We live in a small, one-floor apartment complex in a rather rural area. Most of the large farms were done in by a big drought that began just before we moved up here in 2001, but there are a lot of smaller farms, and some folks who homestead. There are two horse properties about a quarter of a mile down the road, almost directly across the road from one another. There are two small dairy farms in that same direction, and then a big dairy about a mile up the road, going the other way. There is a woman who breeds sheep and spins the wool; she dyes it and sells it at the local stores. Her sheep sometimes wander onto our property, usually late at night.
Behind us and up toward the next town over (East), Vernon, there is a man with “free range” chickens. I’ve gotten eggs from him, and they are delicious. I’ve never gotten a chicken from him because… well, I’m no plucker, okay?
I fell asleep on the couch last night, watching B horror movies. I do that fairly often, and, when I do, one of my cats (usually Sam, my big boy-kitty) wakes me up early in the morning so I can fix kitty-breakfast. Nothing abnormal about that…
… But this morning, both cats were running up and down the length of my body with excited purring (not the “I’m happy” kind, but the purr that sounds like the revving of little engines, over and over: purr-purr, purr-purr, purr-purr!). While I forced my eyes open and attempted to roll off of the couch without knocking a cat to the floor, I realised that there were other sounds going on.
Did I leave Farmtown open on my Facebook last night?
Seeing that I was awake, both cats, Sam and Mikey (my little girl-kitty) began meowing at me impatiently and then running to the front windows and the front door. Sam’s meows weren’t even full now; they sounded more like “meh”. That only happens when he is excited to the max… when someone or something is outside the door.
The computer had been shut down. So what the heck is all of that noise?
I moved to the right of the desk, two cats, one big, one small, doing figure eights around my ankles, and opened the blinds.
Blinked.
Rubbed my eyes, put my glasses back on (Ken had taken them from me while I slept and put them on the desk) and blinked again.
What the heck???
Chickens. LOTS of chickens, maybe a hundred were running all over the front yard. All over the parking lot. Ticking off the beavers in the pond; Bob, Doug, John Candy and Martin Short were in an uproar, splashing and then disappearing, over and over again.
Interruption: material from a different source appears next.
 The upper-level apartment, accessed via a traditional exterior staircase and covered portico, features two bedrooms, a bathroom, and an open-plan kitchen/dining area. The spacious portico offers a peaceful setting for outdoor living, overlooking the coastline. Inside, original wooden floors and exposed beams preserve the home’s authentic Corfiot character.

More chickens appeared from around back, running, clucking and pecking at one another.
The first thing I thought of was Dracula (1931). Renfield’s big scene:
“Ratssssss! Thousands of themmmmm…. MILLIONS of themmmmm!”
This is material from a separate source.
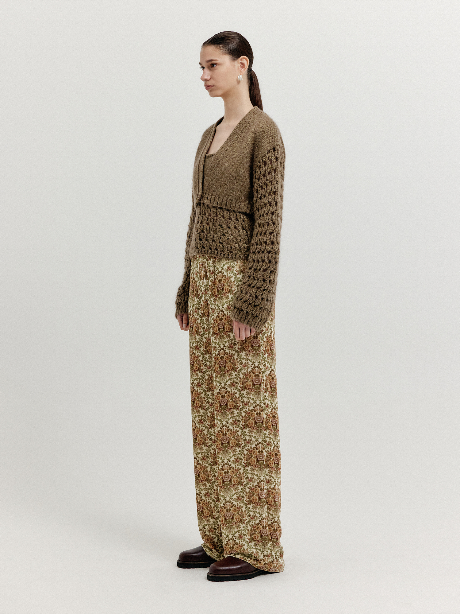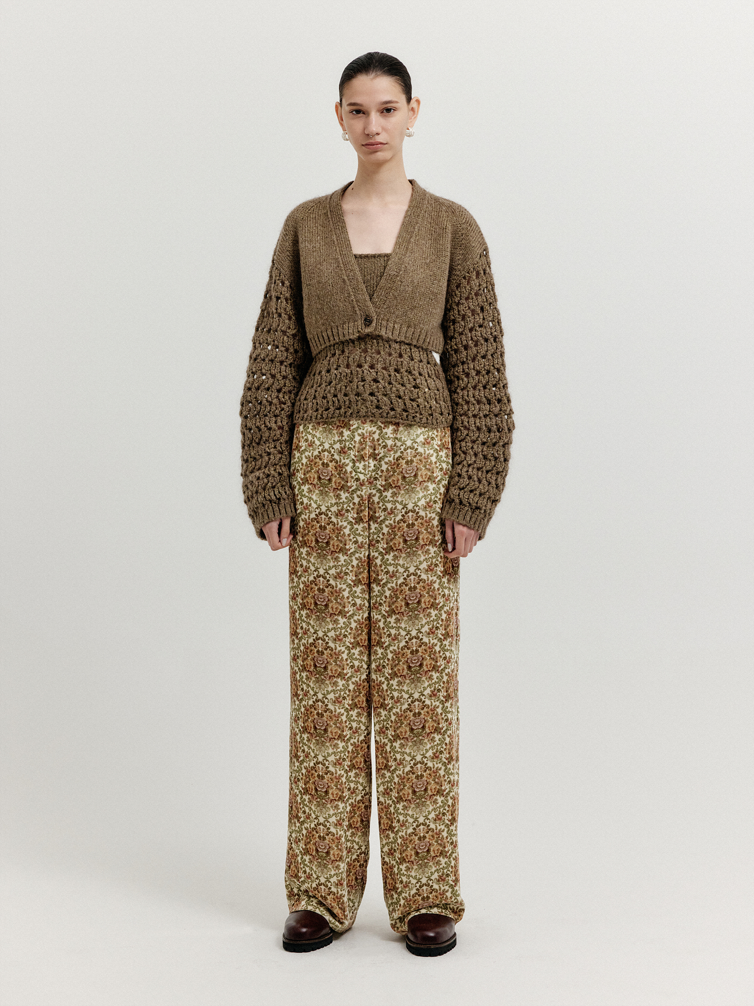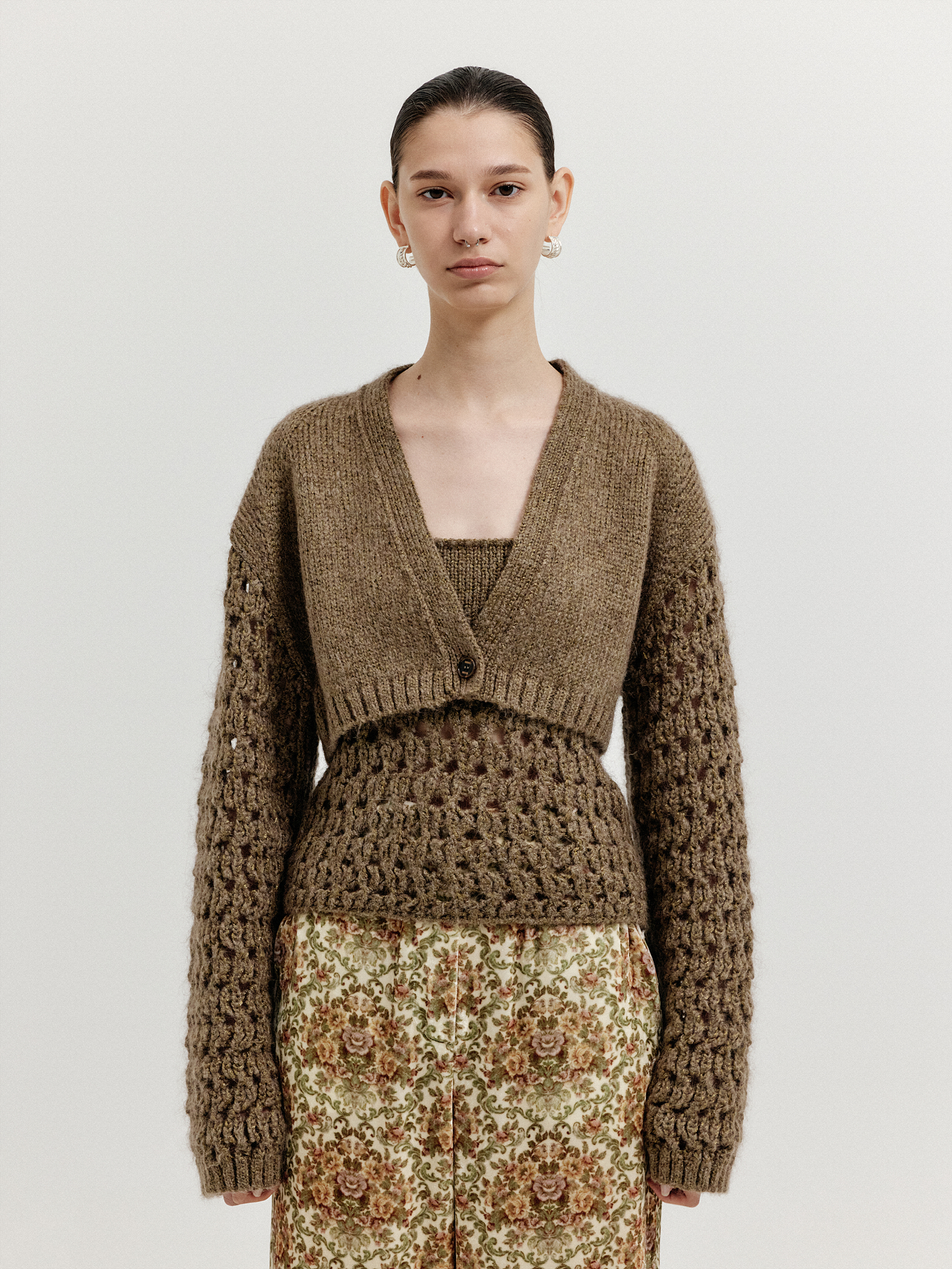 - 크롭 기장의 니트 가디건입니다.

Then, I remembered a Bill Engvall bit about “free range chickens”: Something about “the great herds of chickens that used to roam these lands.” I giggled to myself.
“Bill Engvall should see this,” I said out loud… to the cats, I guess.
Sam climbed up onto my printer (which sits just below the window to the right of my desk) and smooshed his chubby little face against the opened blinds and window glass, still meh-ing and revving his purr engine. He was drooling.
Mikey popped up with her head beneath Sam’s, her back paws still on the floor (she is thin enough to get between the wall and the printer; Sam is not). Her mouth hung open. She was drooling, too, and so enthralled with the scene outside that she didn’t even slap Sam for drooling onto her forehead. We may have looked like a totem pole.
The cats weren’t just watching the chickens. Now they were watching all of the neighbourhood cats that were slinking along the perimeter of the property, stalking the chickens.
“Oh, my God,” I said. “The Great Chicken Massacre!”
I was trying to think of what, if anything, I could do to stop the slaughter that was surely coming when the dogs showed up. BIG dogs. Where the hell did all of these dogs come from?
“Holy shit!” I said, closing the blinds and removing my cats from the window area. “You guys don’t need to see this.”
Should I call the police? Animal Control? Where the hell is my phone, anyway?
Then I heard someone pulling into the driveway and beeping their horn. I slipped some fingers into the blinds and peeked.
The chicken truck.
The new coffee maker beeped: Ken remembered to program it before he went to sleep. I ran into the kitchen, cats following me, and poured myself a nice hot cup of coffee. I ran back out into the front room, and sat in the chair to the left of my desk; the cats accompanied me, front paws resting on the sill. I lifted the blinds and the three of us watched, mouths open.
Two men jumped out of the truck. One man chased off some of the dogs; the other man began filling cages with chickens… the chickens that had not been torn apart by the cats and dogs. Some of the cats ran, and that got rid of pretty much all of the dogs… but a few cats – scrawny, stray-looking ones – stayed and feasted.
It became a bit quieter, as the cages were loaded up onto the truck and covered with what looked like old blankets.
As the truck backed out, Doug McKenzie, the largest of our beavers, jumped up onto the edge of the pond. He made some kind of squeaking noise, and I swear to God, it looked like he raised a fist toward the truck.
I laughed. HARD.
Sam and Mikey did not look so amused.
I promised to roast a chicken tonight, and share it with them.